At night of 22nd to 23rd June 1936 Myślenice was captured by an armed gang led by with Adam Doboszyński, a member of the National Party. There were about 70 attackers but other sources state the number as above 100 [1.4]. The operation was conducted against the Jews living in Myślenice. The attackers cut the telephone line and took over the police station, demolished shops located around the square and tried to burn down the prayer house. The leader of the pogrom was captured and brought before court. His trial was widely reported in the entire country.
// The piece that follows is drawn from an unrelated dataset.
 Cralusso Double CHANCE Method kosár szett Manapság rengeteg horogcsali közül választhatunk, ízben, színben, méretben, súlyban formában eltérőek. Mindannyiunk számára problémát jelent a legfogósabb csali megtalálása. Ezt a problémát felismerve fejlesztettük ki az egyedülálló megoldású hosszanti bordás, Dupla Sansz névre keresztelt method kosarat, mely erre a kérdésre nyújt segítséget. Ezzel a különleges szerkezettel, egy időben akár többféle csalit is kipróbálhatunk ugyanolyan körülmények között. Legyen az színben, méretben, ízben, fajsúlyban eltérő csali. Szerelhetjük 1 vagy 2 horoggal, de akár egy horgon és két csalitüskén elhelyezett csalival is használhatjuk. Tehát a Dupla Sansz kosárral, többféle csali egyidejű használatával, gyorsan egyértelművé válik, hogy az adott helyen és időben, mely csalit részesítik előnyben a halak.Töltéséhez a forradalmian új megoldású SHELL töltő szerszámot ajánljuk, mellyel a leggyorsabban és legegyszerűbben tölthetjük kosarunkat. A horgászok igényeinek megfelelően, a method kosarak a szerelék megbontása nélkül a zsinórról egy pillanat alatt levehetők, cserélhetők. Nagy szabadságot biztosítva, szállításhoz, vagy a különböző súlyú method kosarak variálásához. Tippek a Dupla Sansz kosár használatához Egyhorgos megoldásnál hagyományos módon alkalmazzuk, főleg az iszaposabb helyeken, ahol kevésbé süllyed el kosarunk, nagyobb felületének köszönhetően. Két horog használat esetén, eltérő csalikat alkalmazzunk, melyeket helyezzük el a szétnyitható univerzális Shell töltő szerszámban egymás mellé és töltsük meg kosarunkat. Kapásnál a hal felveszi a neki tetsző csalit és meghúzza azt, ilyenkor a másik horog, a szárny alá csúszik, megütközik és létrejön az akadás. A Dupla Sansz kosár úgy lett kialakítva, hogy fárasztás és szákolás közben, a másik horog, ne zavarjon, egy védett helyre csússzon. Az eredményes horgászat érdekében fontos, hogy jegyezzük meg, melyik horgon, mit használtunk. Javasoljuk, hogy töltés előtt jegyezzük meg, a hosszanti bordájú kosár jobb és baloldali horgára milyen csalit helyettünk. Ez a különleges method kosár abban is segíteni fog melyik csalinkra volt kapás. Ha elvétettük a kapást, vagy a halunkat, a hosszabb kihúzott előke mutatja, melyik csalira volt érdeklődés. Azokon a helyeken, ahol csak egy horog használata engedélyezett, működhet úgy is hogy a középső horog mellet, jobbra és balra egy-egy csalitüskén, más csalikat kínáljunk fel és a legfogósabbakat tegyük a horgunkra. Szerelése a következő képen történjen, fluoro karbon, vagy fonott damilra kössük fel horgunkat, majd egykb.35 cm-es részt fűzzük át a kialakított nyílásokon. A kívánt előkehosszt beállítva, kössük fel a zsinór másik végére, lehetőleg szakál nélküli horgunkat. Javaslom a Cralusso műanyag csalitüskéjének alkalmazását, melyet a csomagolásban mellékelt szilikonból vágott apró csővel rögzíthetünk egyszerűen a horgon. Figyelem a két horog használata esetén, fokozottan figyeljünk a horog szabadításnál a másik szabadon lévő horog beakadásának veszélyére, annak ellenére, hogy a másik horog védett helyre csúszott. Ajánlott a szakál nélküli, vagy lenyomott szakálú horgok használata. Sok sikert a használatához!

On 5.09.1939 Myślenice were occupied by the Germans and on 12.10.1939 the town was annexed to the General Governorate. In February 1942 Myślenice became the headquarters of "Murawa" Unit of the AK (Home Army). The first commanding officer was Władysław Grodzicki aka Bronisław, and after his arrest – Wincenty Horodyński aka Kościesza. In retaliation for actions conducted by the Polish guerilla the Germans pacified the town twice in 1940 and 1942. 1942 was the year of final extermination of about 1300 Jews from Myślenice, who were gathered on 22nd August in the square by the Germans and then transported to concentration camps or shot. In September 1944 in the region of Łysina mountain one of the largest guerilla battles of the Second World War in Poland was held. The Germans suffered major losses and in retaliation destroyed the villages of Zasań, Lipnik and Wiśniowa. On 21.01.1945 units of the Russian Army under the command of general Kirił Moskalenko entered the town.
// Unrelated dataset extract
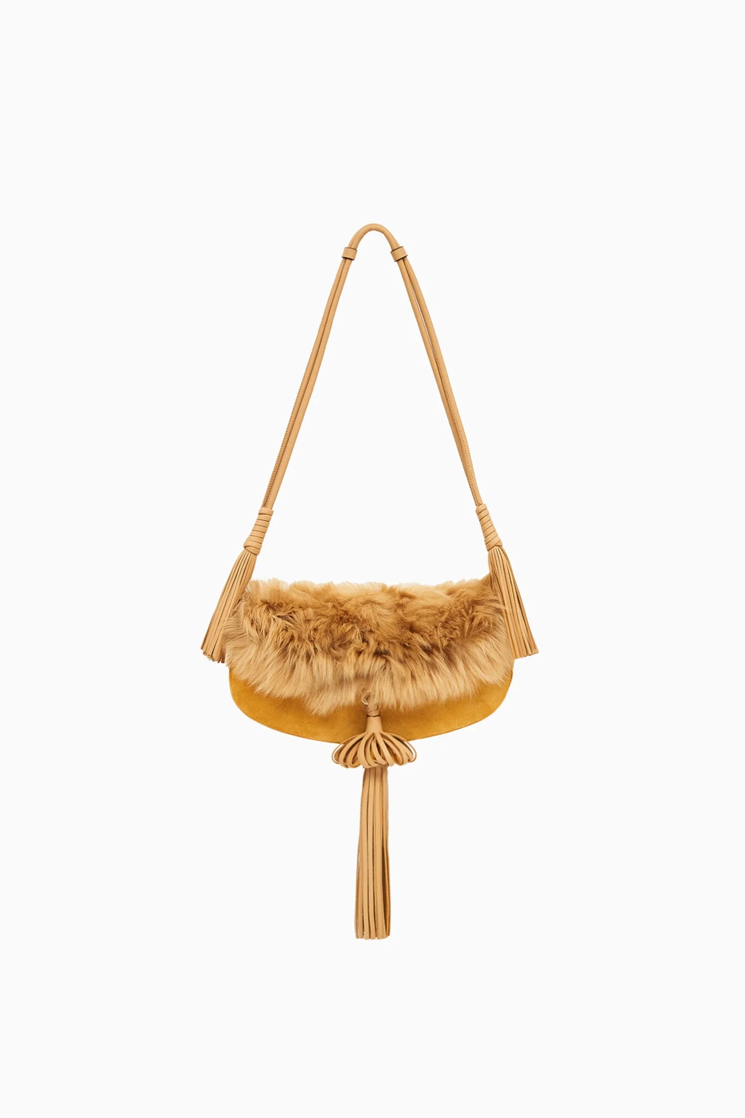 Debuting on the AW25 runway, the Paloma Bag is the newest addition to the Ulla Johnson handbag lineup, made in Italy from a blend of plush shearling and suede in a warm yellow hue. This artful silhouette features a modern take on the classic tassel, which adorns the adjustable straps and front flap, functioning as the perfect day-to-night bag—remove the straps to carry elegantly under the arm. - Height: 5.7 in / Length: 9.8 in / Depth: 2.6 in - Handle drop: 5.5 in shortest, 14.6 in longest - Shearling and suede - Made in Italy - Nappa leather lining - Vintage gold hardware - Clasp closure Size & Fit Find your size with our .

During the interwar period the town expanded. An important investment was extension of the Krakow - Myślenice road, conducted in the 1970s. In the 1980s, the dam in Dobczyce and a water reservoir for the city of Krakow were set up. Since 1999 Myślenice has been the seat of the district in Małopolskie Province.

Bibliographic note

  • Historia Myślenic, Urząd Miasta i Gminy Myślenice, [DOA: 20.08.2015].
  • Kiryk F., Monografia powiatu myślenickiego, Kraków 1970.
  • Myślenice, [in:] Słownik geograficzny Królestwa Polskiego i innych krajów słowiańskich, vol. 6: Malczyce – Netreba, eds. F. Sulimierski, B. Chlebowski, W. Walewski, Warszawa 1885, p. 828.
  • [1.1] Kiryk F., Monografia powiatu myślenickiego, vol. 1, part 3: Dzieje powiatu myślenickiego w okresie przedrozbiorowym, Kraków 1970, pp. 29–32.
  • [1.2] Kiryk F., Monografia powiatu myślenickiego, vol. 1, part 3: Dzieje powiatu myślenickiego w okresie przedrozbiorowym, Kraków 1970, pp. 49–50.
  • [1.3] Myślenice, [in:] Słownik geograficzny Królestwa Polskiego i innych krajów słowiańskich, vol. 6: Malczyce – Netreba, eds. F Sulimierski, B. Chlebowski, W. Walewski, Warszawa 1885, p. 828.
  • [1.4] Jakubowicz D., The Doboszynski Pogrom (Doboszynski's March on Myślenice), [in:] Sefer zikaron le-kehilot Wadowice, Andrychow, Kalwarja, Myslenice, Sucha. Memorial Book of the Communities Wadowice, Andrychow, Kalwarja, Myslenice, Sucha, ed. D. Jakubowicz, Ramat Gan 1967.